Williamson, however, said she has some concerns about the transition after seeing the former Sulphur Springs Elementary School go through a similar process and not liking the results.
Her daughter Danielle, who is autistic, has done well at Cahoon where teachers and administrators have fostered the "warmest school environment," Williamson said last week at a public meeting at Van Buren.
"They're like a second family to us," she said.
Williamson was just one of dozens of parents who met and talked with Hillsborough County School District officials on Tuesday to get answers to their questions about the district's plan to consolidate under-enrolled schools and redraw boundaries to save money on transportation and construction.
Other schools affected by the plan include Clark and Hunter's Green elementary schools in New Tampa, the Museum of Science and Industry Partnership School near the University of South Florida, and Pizzo Elementary.
Officials say they will host a number of meetings leading up to implementation.
The merger between Cahoon and Van Buren would not take effect until August of 2018.
At the meeting, parents looked over proposed boundary changes and renderings of the new Cahoon-VanBuren campus and talked one-on-one with department heads, school principals, and administrators in Van Buren's cafeteria.
In the nearby media center, parents gave their input via comment cards on the types of academic programming, instructional support services, and teacher resources they'd like offered at the K-8 school.
Prior to the meeting, Tonya McClendon was not happy with the changes because it appeared her granddaughter would have to switch from Cahoon to Sheehy Elementary.
The girl, a kindergartener, is visually impaired and is well-acquainted with Cahoon's layout. Moving to a new building would be a difficult adjustment.
But McClendon said her fears were eased after learning her granddaughter would not have to change schools.
"I'm glad," she said.
But there's still at least one outstanding issue, McClendon said.
"Now, I'm concerned about her safety with the older kids," she said. "That's a big concern."
Chris Farkas, the district's chief operating officer, said while the merger will make Cahoon and Van Buren one school, it's unlikely young children will have any regular contact with older students.
One way to do that would be to group students by grade range: K-2, 3-5, and 6-8, he said.
Each group would have their own separate building for instruction and use separate media centers and cafeterias.
All of those plans would be finalized once a principal is selected for the school, Farkas said.
Other matters yet to be settled include how to accommodate students who wish to participate in another magnet program, he said.
Officials were slated to meet this week to discuss specifically how to address that issue, he said.
The merger itself has been received well. But parents have expressed disdain about Cahoon — which would keep its animal science program — losing its magnet school status.

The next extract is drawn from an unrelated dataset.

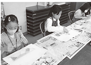
パステルランタンアート制作
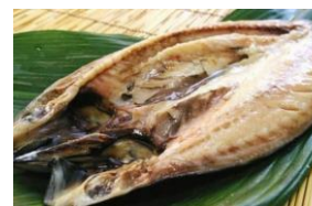
脂がのったト口鱈 3枚セット

"Even if I wasn't a parent, I'd be concerned," Williamson said.
Williamson – whose daughter Danielle is a kindergartener at Cahoon – said she still has lots of questions about the merger.
For starters, will the school's culture change? Also, will the administration be replaced? And what are officials doing to ensure the acknowledgment and embrace of diversity is a top priority?
Van Buren is 60 percent black. Cahoon, which has a magnet program and is 68 percent full, is 51 percent black.
Williamson said she has the option to move Danielle to another school but hasn't decided if she'll do that – yet.
"I really want to keep her here," she said. "I'm hopeful."